To validate the accuracy of the trained DP model, the calculated radial distribution function (RDF) from AIMD, DP and Tersoff, are plotted in Figure 9. The DP model-generated RDF is very close to that of AIMD, which indicates that the crystalline structure of graphene can be well presented by the DP model.

This image displays the plotted radial distribution function from three different methods, including DP, Tersoff and AIMD, which are denoted in black, red and blue solid lines respectively.
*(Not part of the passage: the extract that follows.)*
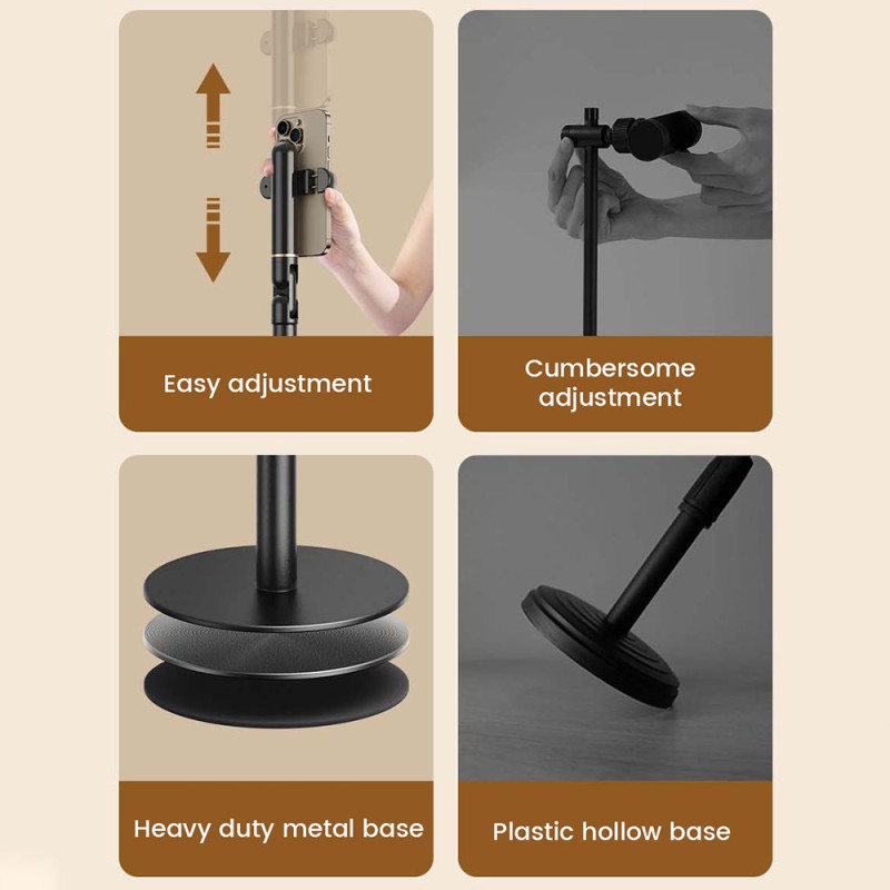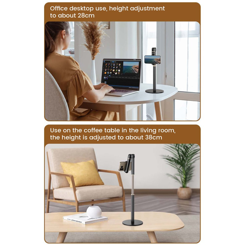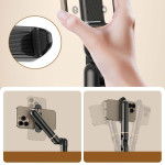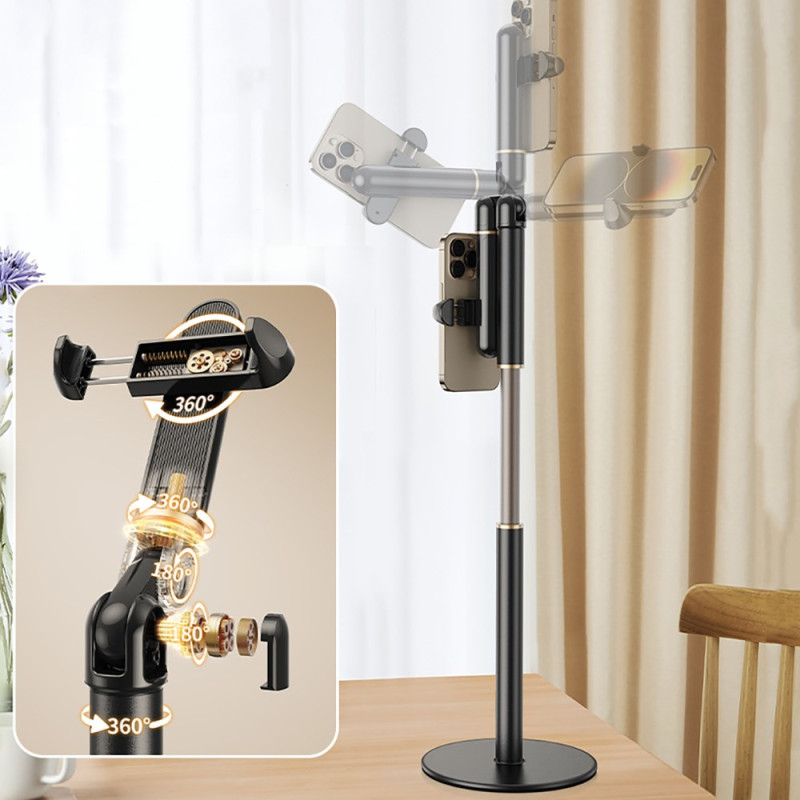 Este suporte de telemóvel extensível e rotativo é ideal para streaming, criação de conteúdos ou videoconferências. O seu braço ajustável de 53 a 63 cm facilita o ajuste da altura para um enquadramento perfeito, enquanto a rotação de 360° permite-lhe alternar rapidamente entre os modos retrato e paisagem. Fabricado em aço-carbono, liga de alumínio e ABS, oferece uma excelente estabilidade, mesmo ao tirar fotografias aéreas. Compatível com smartphones de 6 a 8 cm de largura, adapta-se à maioria dos modelos modernos. Sólido e compacto, é um suporte fiável para utilização diária.
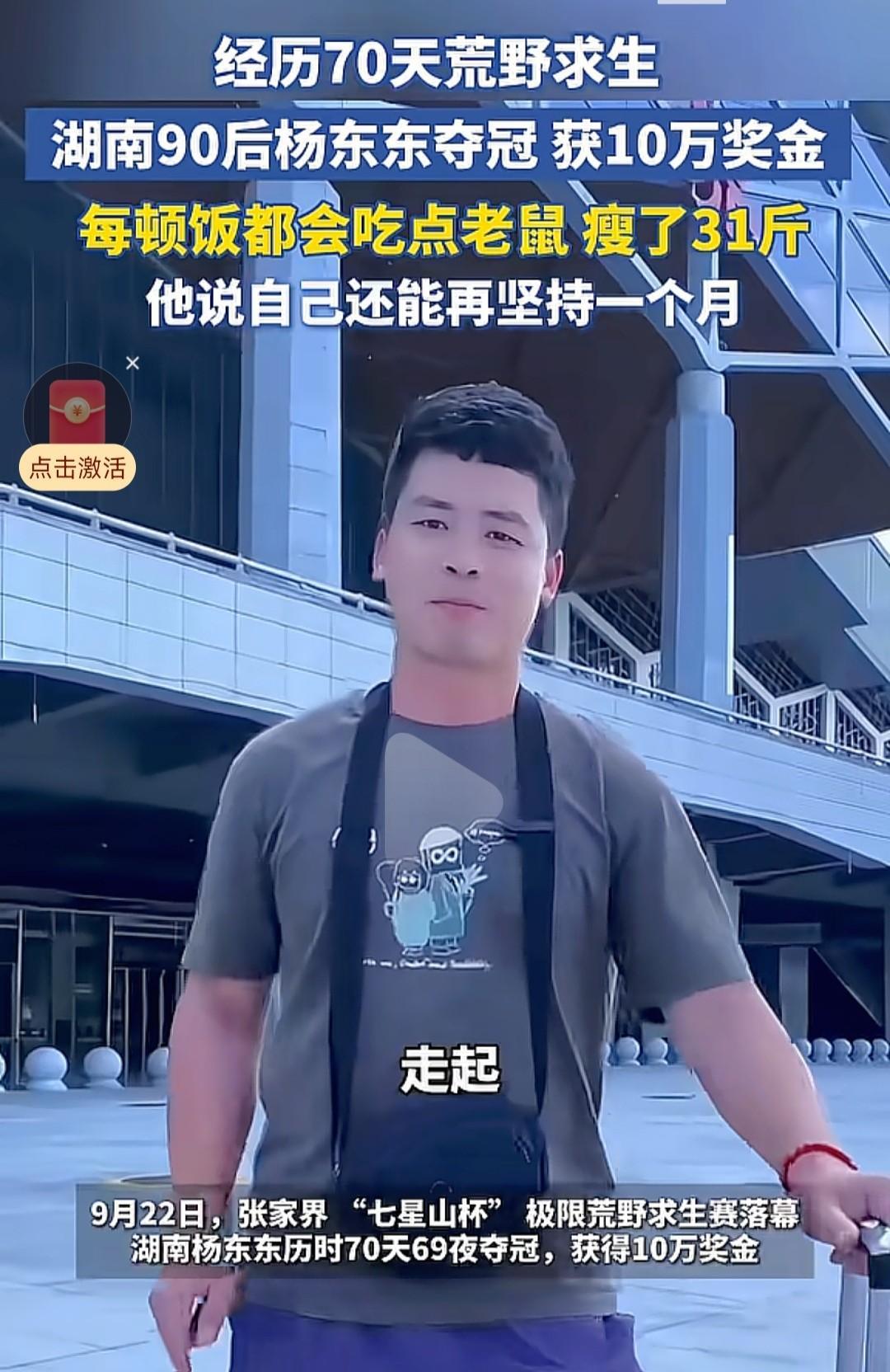 熬到节目组和对手都熬不住了,声称还能再熬一个月的湖南小伙,经历70天荒野求生夺冠,还背回50斤野果,把节目组都吓到了。 9月22日,张家界“七星山杯”极限荒野求生赛落幕,湖南90后小伙杨东东以70天69夜夺冠,获得10万奖金。 网友在羡慕10万奖金的同时,更羡慕他瘦了31斤,而且血压血糖,身体各项指标都正常,似乎头发也变浓密了。 杨东东下山还背回了50斤野弥猴桃和没吃完的老鼠,看他的精神状态,他说的“王大励不退赛,我还能坚持一个月”的话一点不假。 杨东东能夺冠得益于童年和爷爷上山打野的经历和一张不挑食的嘴。 他会钻木取火,只需几分钟就能淡定生火。会制作陷阱,多次成功捕获老鼠,将老鼠洗干净熏干保存起来。会编鱼蒌捕蟹,再配合山中的糯米藤,鱼腥草,山药等植物,保持每餐荤素搭配。所以他还精力旺盛,能背回50斤重的猕猴桃。 再看亚军王大励,由于天天吃野菜,人瘦到脱相,双腿打颤,血糖血压都低,说话都有气无力,双方实力已见高下,再熬下去会出问题。 王大励虽然与冠军擦肩而过,也很有收获,许多网友都佩服他的毅力。他不仅获得了6666元奖金,七星山旅游公司决定每月给他的孩子赞助600元助学金,直至他的两个孩子高中毕业。 很多网友说,我也想参加,不为别的,纯粹为了减肥。 从这两人身上可以看出来,一般人真没这毅力,也没这种识野菜野果的知识量,更没有取火和觅肉食的本领,补充不到身体必需的能量,盲目进山只会是冒险,随时会有生命危险。 从俩人身上看出了现在年轻人身上所缺少的优秀品质,吃得苦,有毅力,耐得住寂寞,还有强硬的极限求生本领。

Figure 9. Radial distribution function calculated by AIMD, DP and Tersoff potential, respectively. It can be observed that the RDF calculated by DP is very close to that of AIMD.

Conclusion

This post demonstrates a simple case study of graphene under given conditions. The DeePMD-kit package streamlines the workflow from AIMD to classical MD with deep potential, providing the following key advantages:

Highly automatic and efficient workflow implemented in the TensorFlow framework. APIs with popular DFT and MD packages such as VASP, QE, and LAMMPS. Broad applications in organic molecules, metals, semiconductors, insulators, and more. Highly efficient code for HPC with MPI and GPU support. Modularization for easy adoption by other deep learning potential models. Furthermore, the use of GPU-optimized containers from the NGC catalog simplifies and accelerates the overall workflow by eliminating the steps to install and configure software. To train a comprehensive model for other applications, download the DeepMD Kit Container from the NGC catalog.

References

[1] Jia W, Wang H, Chen M, Lu D, Lin L, Car R, E W and Zhang L 2020 Pushing the limit of molecular dynamics with ab initio accuracy to 100 million atoms with machine learning IEEE Press 5 1-14

[2] Wang H, Zhang L, Han J and E W 2018 DeePMD-kit: A deep learning package for many-body potential energy representation and molecular dynamics Computer Physics Communications 228 178-84

[3] Plimpton S 1995 Fast Parallel Algorithms for Short-Range Molecular Dynamics Journal of Computational Physics 117 1-19

[4] Kresse G and Hafner J 1993 Ab initio molecular dynamics for liquid metals Physical Review B 47 558-61

[5] Giannozzi P, Baroni S, Bonini N, Calandra M, Car R, Cavazzoni C, Ceresoli D, Chiarotti G L, Cococcioni M, Dabo I, Dal Corso A, de Gironcoli S, Fabris S, Fratesi G, Gebauer R, Gerstmann U, Gougoussis C, Kokalj A, Lazzeri M, Martin-Samos L, Marzari N, Mauri F, Mazzarello R, Paolini S, Pasquarello A, Paulatto L, Sbraccia C, Scandolo S, Sclauzero G, Seitsonen A P, Smogunov A, Umari P and Wentzcovitch R M 2009 QUANTUM ESPRESSO: a modular and open-source software project for quantum simulations of materials Journal of Physics: Condensed Matter 21 395502

[6] Humphrey W, Dalke A and Schulten K 1996 VMD: Visual molecular dynamics Journal of Molecular Graphics 14 33-8

[7] Yuzhi Zhang, Haidi Wang, Weijie Chen, Jinzhe Zeng, Linfeng Zhang, Han Wang, and Weinan E, DP-GEN: A concurrent learning platform for the generation of reliable deep learning based potential energy models, Computer Physics Communications, 2020, 107206.